Global stocks close to all-time highs; What investors will be watching
- China prices post steady climb; oil edges higher, gold falls
- Australian 10-year yield rises a fourth day, Treasuries steady
Stocks rose and the dollar was steady after economic data kept investors upbeat on the global economy following strong U.S. hiring figures and a G-20 meeting without market-moving surprises.
European and U.S. index futures were up as equities advanced across much of Asia, with the Shanghai stock market recovering from an earlier loss. Chinese producer prices showed robust demand in Asia’s largest economy, while Germany’s trade surplus was higher than estimated as May exports beat forecasts. The yen was near a two-month low. Bank of Japan Governor Haruhiko Kuroda said the economy was turning toward moderate expansion and reiterated that policy could be adjusted as needed. Oil rose and gold fell.
With global stocks close to all-time highs, investors are shrugging off political uncertainty and placing their faith in a continued earnings expansion on broadening global growth. U.S. employers added the most jobs in four months in June, though wage increases were sluggish, according to data Friday.
“The weaker wage growth buys the Fed more time to wait for inflation signals to pick up before increasing rates which supports the current market view of balance sheet announcement in September followed by a rate hike in December,” Stephen Innes, a senior trader at Oanda Corp. in New York, wrote in a note Monday. “Ultimately, the Goldilocks NFP is a win-win for the U.S. dollar and global equities.”
The G-20 summit made little headway on dominant foreign policy issues such as North Korea’s escalation of tensions. Meetings between U.S. President Donald Trump and the leaders of South Korea, Japan and China ended without a clear consensus about how to curb North Korea’s nuclear ambitions.
Here’s what investors will be watching:
- Federal Reserve Chair Janet Yellen’s testimony before Congress will be in focus later this week as investors look for guidance of when the U.S. central bank could start reducing its balance sheet. Other Fed speakers include Lael Brainard, while there’s plenty of data releases. Retail sales, industrial output and business inventories may sway GDP forecasts and CPI could signal if disinflation is intensifying.
These are the main moves in markets:
- The yen fell 0.2 percent to 114.20 per dollar as of 3:25 p.m. in Tokyo.
- The Bloomberg Dollar Spot Index was down 0.1 percent, as was the Canadian dollar after its 0.8 percent jump Friday.
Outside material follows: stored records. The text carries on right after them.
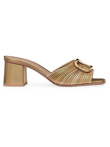 Сандалии на блочном каблуке 60 мм из ламинированной натуральной кожи с металлическим логотипом V от Valentino Garavani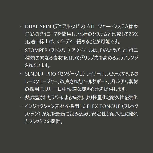 ●このBadBoyは長い間私たちのよりどころでした。あらゆる衝撃に耐えるように作られたブーツで、ナショナルチームのライダーであるNicholasHuberによってテストされ、衝撃を簡単に吸収するDouble CrossbowVibramSoleにより、大きなキッカーを攻めたくなる衝動にかられます。NORTHWAVEのSPINテクノロジーは何年も前から存在していますが、これまでこのように使用されたことはありませんでした。1つめのSPINシステムは、ブーツのタンを足首に沿いぴたりと引き込んで足首を所定の位置に固定するHeelLockerRetentionSystem専用に割り当てられています。2番目のSPINダイヤルはブーツの前面をとれも完璧にフィットさせてくれます。それでも不十分な場合のために、パワーストラップを追加しました。これにより、さらに非常にタイトなフィーリングに調整できます。新しくなったTF PROライナーを忘れないでください。これにより、一日中足を快適に過ごすことができます。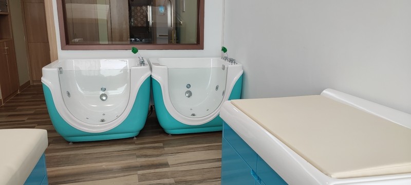 婴儿洗浴不仅可以促进新陈代谢,保护皮肤的清洁和健康,同时可以使婴儿舒展全身。洗澡的过程是一个运动消耗的过程,提高了幼儿的食欲,有助于消化能力的逐渐完善。婴儿游泳是一项新型的护理,其原理是让婴儿在类似母体的羊水中做自主运动,利用水波轻柔的爱抚,促进新生儿的智力发育和健康成长。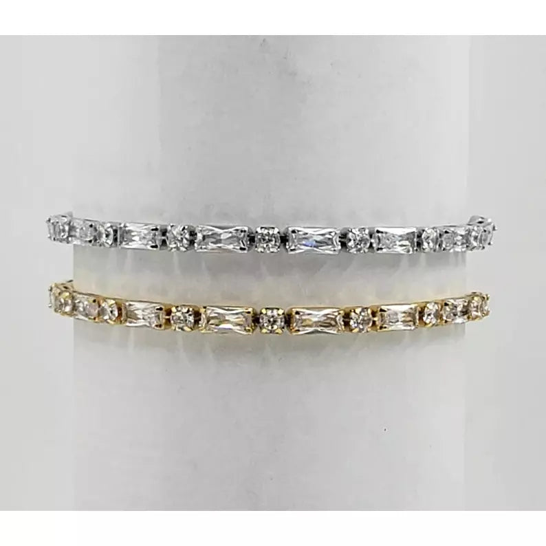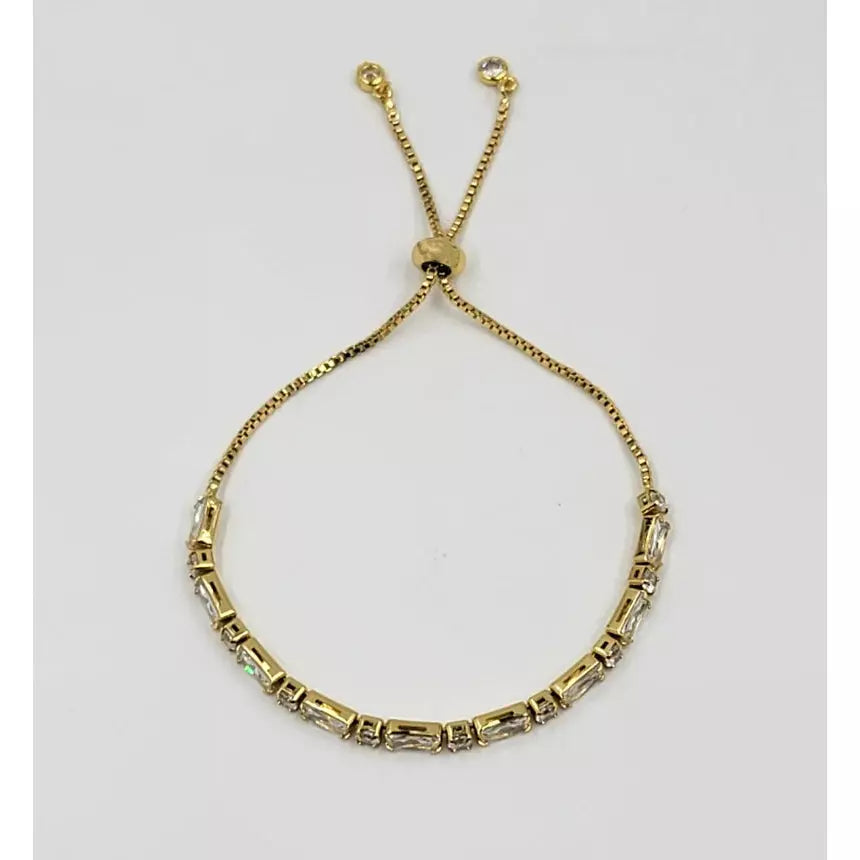Sarafina - Round Adjustable Baguette Bracelet with Cubic Zirconia with Rubber Stopper

The pound rose 0.1 percent and the euro was little changed.
- The Korean won led advances in Asia, rising 0.4 percent to 1,149.40 per dollar, while the Indian rupee gained 0.1 percent to 64.54. The Mexican peso climbed 0.8 percent to 17.95 versus the greenback, its strongest this month.
- S&P 500 Index futures were up 0.2 percent and Euro Stoxx 50 futures rose 0.5 percent. The MSCI Asia Pacific Index rose 0.4 percent after hitting a five-week low Friday.
- Japan’s Topix Index added 0.5 percent. Australia’s S&P/ASX 200 Index gained 0.4 percent. Hong Kong’s Hang Seng Index rose 0.8 percent to its highest in a week.
- The Shanghai Composite Index was up 0.1 percent. China’s producer price index rose 5.5 percent on-year in June and the consumer price index climbed 1.5 percent, the same as in May and in line with expectations.
- The yield on 10-year Treasuries was steady at 2.39 percent after rising 24 basis points in the past two weeks. The yield on 10-year Australian government bonds rose one basis point to 2.74 percent.
- WTI crude strengthened 0.3 percent to $44.37 a barrel following its 2.8 percent slide Friday. Gold dropped 0.5 percent to $1,206.64 an ounce.